1. Access (deliberate or accidental) to personal data by an unauthorised person.
2. Computing devices or removable storage containing personal data being lost or stolen.
3. Sending personal data to incorrect recipients.
4. Altering personal data without permission.
5. Downloading or exporting personal data for personal or unauthorised use.
6. Accidental or deliberate destruction of personal data without authorisation.
7. Ransomware attacks which encrypt personal data and render it unavailable.
8. Cyber-attacks which lead to personal data being stolen.
9. Depending on the risk to individuals affected by the data breach, we may need to notify the Information commissioner’s Office (the “ICO”) of the breach within 72 hours of becoming aware of it. We may also need to inform affected data subjects without undue delay.
10. It is therefore very important that all potential and actual data breaches are reported as soon as you become aware of them by contacting the Manager of the Foundation, who will then let the board of trustees know.
11. Even if you are not sure if a breach has occurred, you must report it as set out above. In all cases, reporting the potential breach must happen without delay because of the 72-hour deadline for informing the ICO in some cases.

Training

Frenkel Topping Charitable Foundation via Frenkel Topping Group provides data protection training to all personnel during induction as well as ongoing refresher training every 2 years. We know you are busy and have lots to remember, but it is essential that you pay attention to all training and ask questions if you are unsure about your responsibilities.

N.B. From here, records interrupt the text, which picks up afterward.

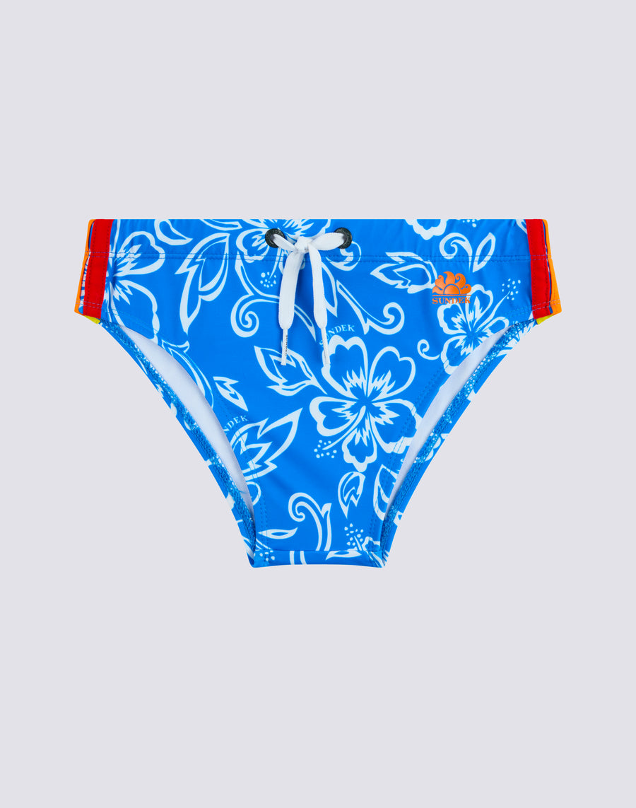 Slip de bain pour garçon avec imprimé Hibiscus d'archive et bandes tricolores sur les côtés. Taille élastique avec cordon de serrage pour ajuster la taille. Longueur 2,5"/6 cm (en taille 6 ans).
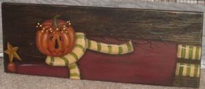 *~*PRIMITIVE*~* HP FOLK ART PRIM HARVEST SIGN *~* PUMPKIN *~* 36" MINK STRETCHER
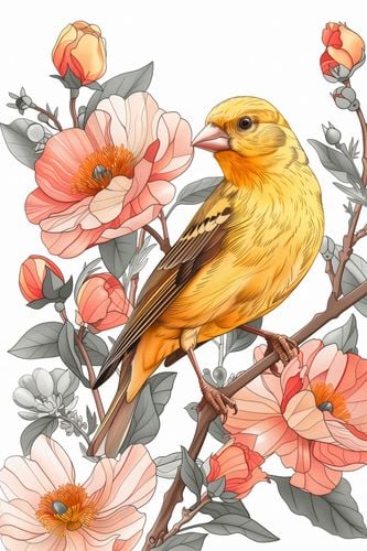 Plakat z serii natura zatytułowany Wiosenny Śpiewaczek przedstawia pełną detali i życia scenę, w której jaskrawo żółty ptak, przypominający kanarka, spoczywa na gałęzi wśród kwitnących kwiatów. Delikatne i subtelne kolory kwiatów w pastelowych odcieniach różu i pomarańczu tworzą miękki kontrast do żywego upierzenia ptaka. Precyzyjne linie i staranne cieniowanie nadają ilustracji realistycznego wyglądu, a roślinność w tle jest równie szczegółowo wykonana, co dodaje kompozycji głębi i bogactwa. Ten plakat to celebracja wiosennego odrodzenia i piękna natury, idealny do ożywienia każdego wnętrza, szczególnie pokoju dziennego, przestrzeni odpoczynkowej lub kawiarni o przytulnej atmosferze.

Disclosure and Destruction of Data

If anyone has any queries about how we use this data or would like us to destroy what we can stored about them, they can get in touch using via our website enquiries@frenkeltopping.co.uk or write to us at Frenkel Topping Charitable Foundation, 15 Carolina Way, Salford, Manchester, M50 2ZY

If they are not satisfied with how we respond to their concern, you have the right to make a complaint to the Information Commissioner’s Office (ICO).